An American Exodus, by Dorothea Lange and Paul S. Taylor
Reviewed by Paul Strand
Editor's Note:.... We are very proud to present the following review by Mr. Paul Strand. We feel that its contents are of great value.
A collaboration between a photographer and a social scientist brings us another valuable document of contemporary America. The story of the "Grapes of Wrath"--the story of that tragic dislocation which is driving hundreds of thousands of impoverished Americans off the land, onto the highways, into the already flooded market of migrant laborers is also the subject of "An American Exodus."
The author of the photographs, Dorthea Lange, and the author of the text, Paul S. Taylor, worked together "in every aspect from the form as a whole to the least detail of arrangement or phrase." The form they chose is a complex one. They have tried to weld photographs, an expositional text dealing with the causes and effects of this vast social upheaval with an additional element: words they heard spoken by some of the people who are the victims of this catastrophe.
The very statement of the complex nature of this interesting form emphasizes its difficulties. For the balance to be established between these different elements in order to achieve a basic unity of statement whose sum would be "a record of human erosion: is a most difficult problem. Different from but no less urgent than the solution demanded in a documentary film of the relation between commentary, dialogue and the photographic images.
I do not think Miss Lange and Mr. Taylor have solved this problem in their first attack upon it. There are some very fine photographs in the book; some remarkable records of human feelings spoken as only those people could have phrased them; Mr. Taylor's account is straightforward and interesting but yet the total impression does not have the impact upon the eye and the mind which the subject surely contains and which the authors clearly were deeply moved to give us.
Reasons for this are undoubtedly many and beyond the scope of a review to formulate. This new form needs a good deal of thinking about. But several general deductions can be made I think. It seems clear that in such a book as this the photographs must be the foundation material, provide the basic structure just as in a documentary film, and that the function of the text must be to heighten and extend their individual and total meaning. It would not seem that the authors made that decision, were clear about it. As a result many of the photographs do little more than illustrate the text. Or vice versa, the text at times simply parallels the information given explicitly by the photograph. Thus there is a tendency towards negation rather than active interaction between image and word.

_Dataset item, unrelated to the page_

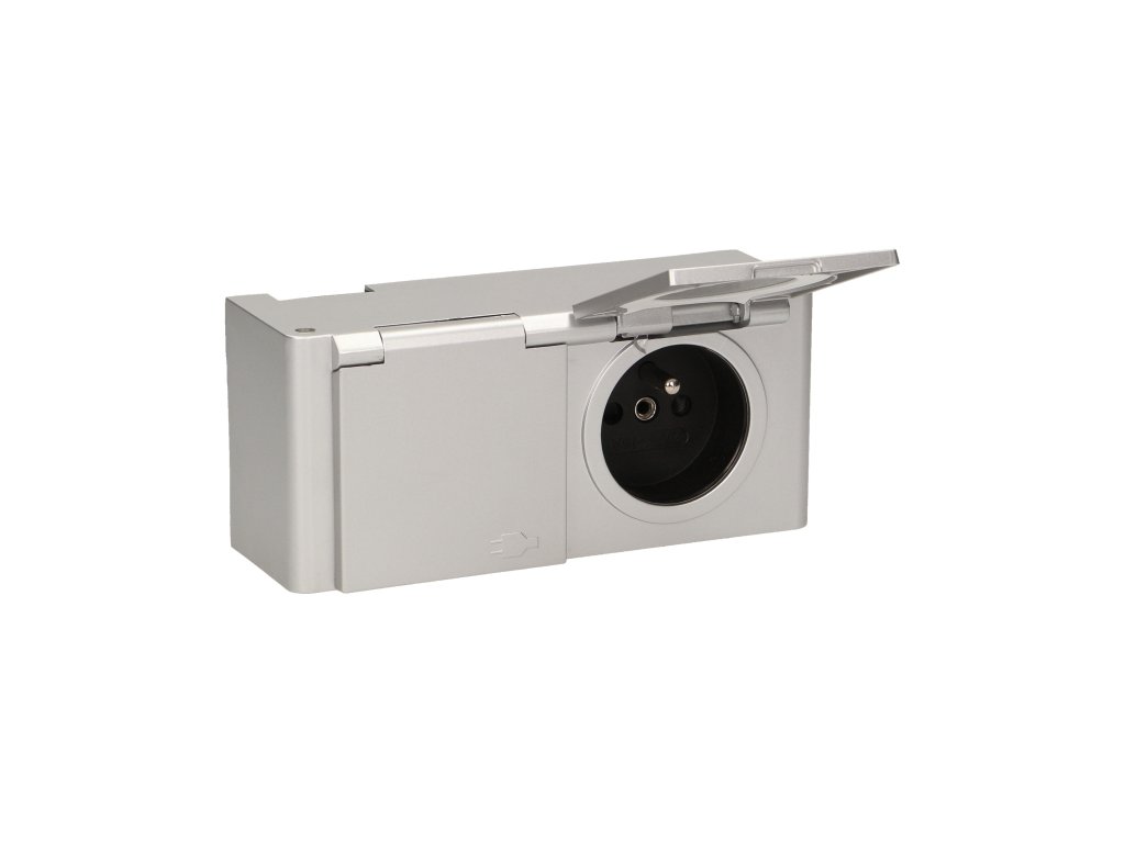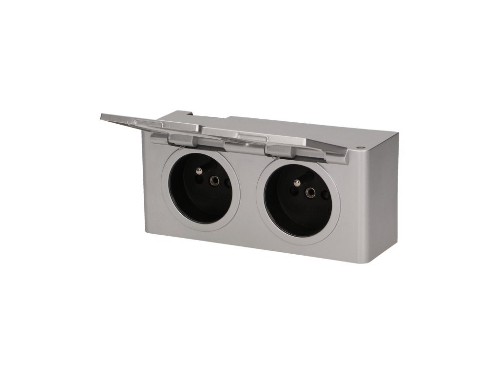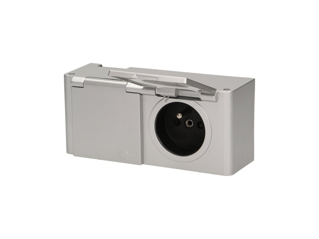 Priză etanșă IP44, 2x2P+E, argintie

Secondly, and perhaps because of the lack of a basic photographic structure, the selection of the photographs themselves seem very uneven. For Miss Lange is a very talented photographer who has done some of the finest work in the Farm Security Administration Project. Such photographs as the cotton picker on Page 18 of the book, the tenant farmers, Page 77, the woman opposite Page 140, have that concentration of expressiveness which makes the difference between a good record and a much deeper penetration of reality. For if books like this are to have their maximum value, then it is clear that the basic material, the photographs, must be more than documentary records. They must contain in themselves (and in a book in their juxtaposition to each other) that unity and intensity of expression which give all works of art their impact.
What we mean by the word documentary is I believe a certain definite approach to the realities of the world we live in. But this must not be understood as mere record making--but as a problem of clarifying and creating a new art form--with the camera. That Dorothea Lange has solved this problem in some of the photographs in this book, there is no doubt. The cotton picker is an unforgettable photograph in which is epitomized not only this one man bending down under the oppressive sky, but the lot of thousands of his fellows.
Despite the foregoing criticism, I repeat that "An American Exodus" is a valuable document and a work of integrity and honest feeling. Coming as it does after the awareness of its subject has been spread so widely through "Grapes of Wrath," both book and film, its value is enhanced. It should be warmly welcomed. This criticism therefore, is concerned rather with future books, I hope Miss Lange and Mr. Taylor will give us; and with posing problems other documentary photographers and writers should face.